We didn’t ease off throwing coal on the chains, welcome face slips from the front of the cut.

“Reesy, you heard the talk about the Germans drivin’ through to Brynywawr?”

“Rumour?” I said.

“Aye, they were arguing in the Earl Haig last night. Morfed’s big Pole reckons it’s def’nite. He’s a boy, he is; the guts of him taking on a piece like Morfed Owen.”

I said, “Don’t be a bloody
clec
all your life, Charlie.”

“No but she’s like one of those American maniacs you see in films who can’t leave it there. Look, Christ, it isn’t as if I begrudge Fred Fransceska or Morfed herself for that matter. S’life, ent it, natural, mun, natch-ur-al. My old lady had sixteen of us, seven boys an’ nine girls. I got four brothers working over in Brynywawr, doin’ as much for the country as Lord Alf in his little white aeroplane.”
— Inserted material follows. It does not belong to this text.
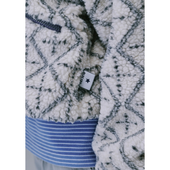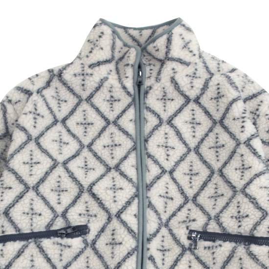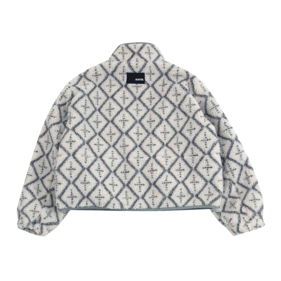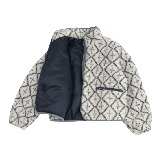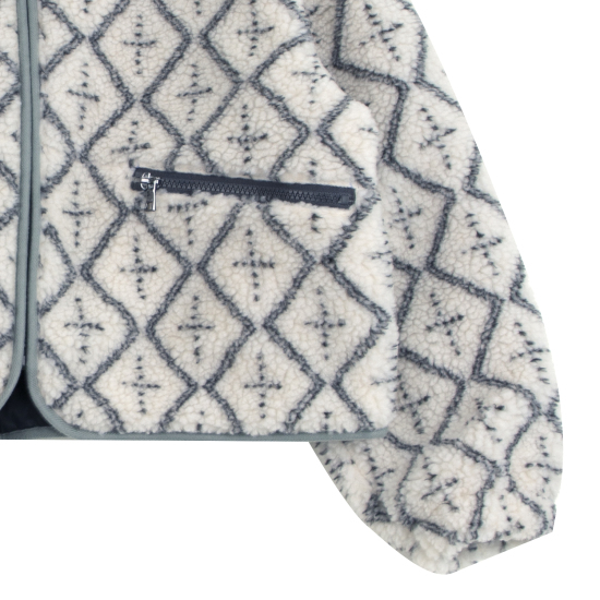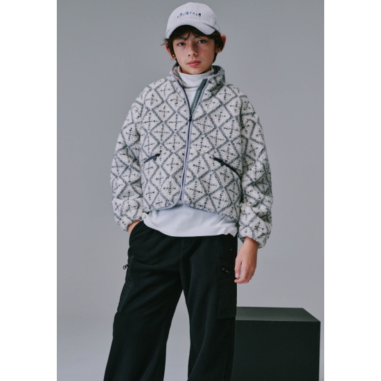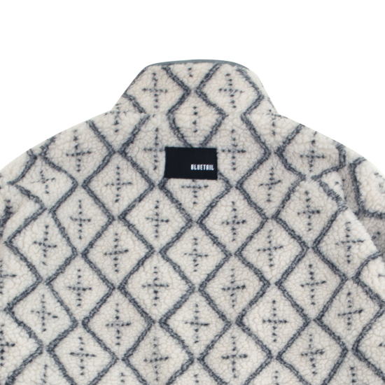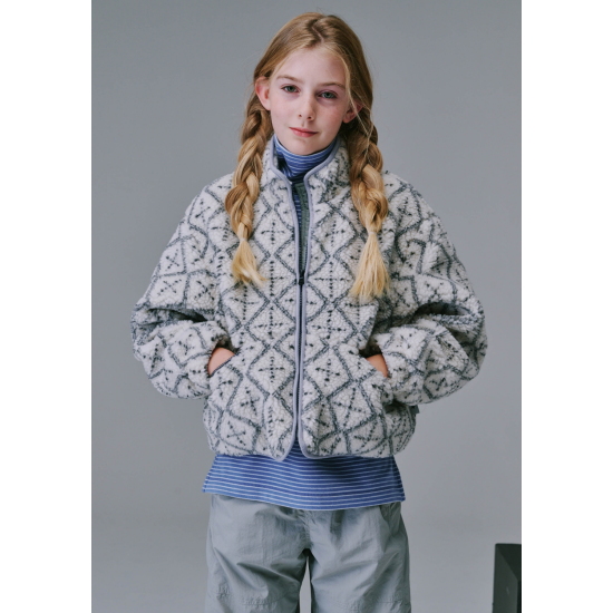 변형 다이아 패턴의 아이보리 컬러 보아 점퍼입니다. 기하학적이면서도 은은하게 배열된 패턴이 돋보이는 블루테일만의 개발 소재로 제안한 유니크한 아이템입니다. 배색 랍빠와 사선 지퍼 포켓으로 끝처리를 하여 가벼운 착용감으로 제안하였습니다. 크롭한 기장이지만 남녀 모두에게 부담스럽지 않은 트렌디한 핏으로 제안하였습니다.

“We’ll be in Brynywawr this time next year,” I said.

“No doubt. Double bon cages over there an’ all.”

“Drift, Charlie,” I said. “All the Seven Feet coal carried out on a main belt to this drift above Brynywawr washery.”

Calculating his distance, he stepped back from a heaving spill of top coal, warning, “Watch it, Rees, it’s workin’ up towards you,” reaching the bigger lumps first, throwing them on the chains. “Christ, mun,” he said, “by the time a man shoves his feet under the table his fuckin’ stent’ll be down in Cardiff docks, way things are goin’ on.”

I said, “Progress, butty.”

“My ring. See that new creeper machinery up on top pit? Five men workin’ the bloody thing. Before now,
before
, old Sid Davies and his horse kept the whole pit goin’ as regards full ’uns and empties. And lissen! The fuckin’ nag was older than Sid hisself! As you know! Ask me, s’load of ballux. Those Germans’ll work in the raw, the daft buggers. They’ll be on sticks when me an’ my old girl’ll be watching concerts in Daren Social. I’ve seen plenty of slashers takin’ the short-cut road up to Daren cemetery.”

“My father was a slasher,” I said, ending Charlie’s talk.

“Too bloody true,” he agreed.

We punched and shovelled coal until eleven o’clock, then from twenty past eleven until finishing time.

Outside the baths on top pit Tal Harding had his car ready to drive me home. There were two neighbour women in the house, Mrs Cynon in charge. Upstairs, the midwife was paying her second visit, offering the baby who looked inhuman, puggy, a reminder that I’d entirely forgotten Lydia as new-born.

“Sorry, Rees-love, we missed a boy again,” Ellen said. She looked lovely, blanched pure.

“Are you feeling all right, beaut?” — small shucking squirms coming from the infant in my arms.

I heard the midwife sniggering discreetly, her and Mrs Cynon out on the stairs landing.

“I wasn’t afraid this time, Rees. Shall we name her Elizabeth? It’s a good name, Eliz-a-beth.”